The firm worked to develop advisor tools that use math and statistics to help investors better define their portfolio objectives and risk tolerance. It also aimed to “take a very complex investment environment and simplify it.” Part of that process is answering the question: “How much can I lose?” McDaniel said.
During the financial crisis of ’07-’09, he said, he spoke with Klein, who told him, “‘Man, you must be getting clobbered right now.’ And I said, ‘No, I’m actually getting referrals from existing clients.’ Then he responded, ‘That’s crazy!’”
McDaniel says he’s no soothsayer. “I didn’t tell my clients that 2008 was coming, but I did tell them that markets are volatile. And that since [more intense] volatility is expected at some point, we should look at how much could they lose as the markets turn as part of the process.”

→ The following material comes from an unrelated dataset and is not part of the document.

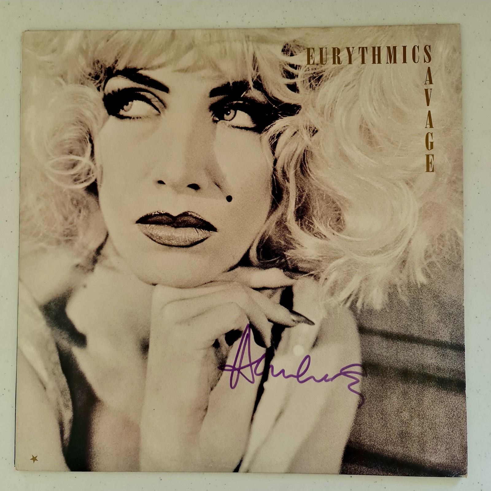 Looking for a rare and authentic piece of music memorabilia? Look no further than this autographed album cover of Annie Lennox's iconic album "Savage"!

“It just became clear. You can have success and grow even in down markets, if you are doing a good job of educating,” he explained. “It sounds really simple but educating, instead of just focusing on returns, means you’ve got to have a discussion about risk.”
“We learned in 2008 that setting expectations was missing in the industry. No one was focusing on risk; everybody was focusing on return,” the CIO said. “My success was a data point for future success: Set realistic expectations, focus as much on risk as on return, and success should follow.”
The firm now has more than 20,000 advisor clients.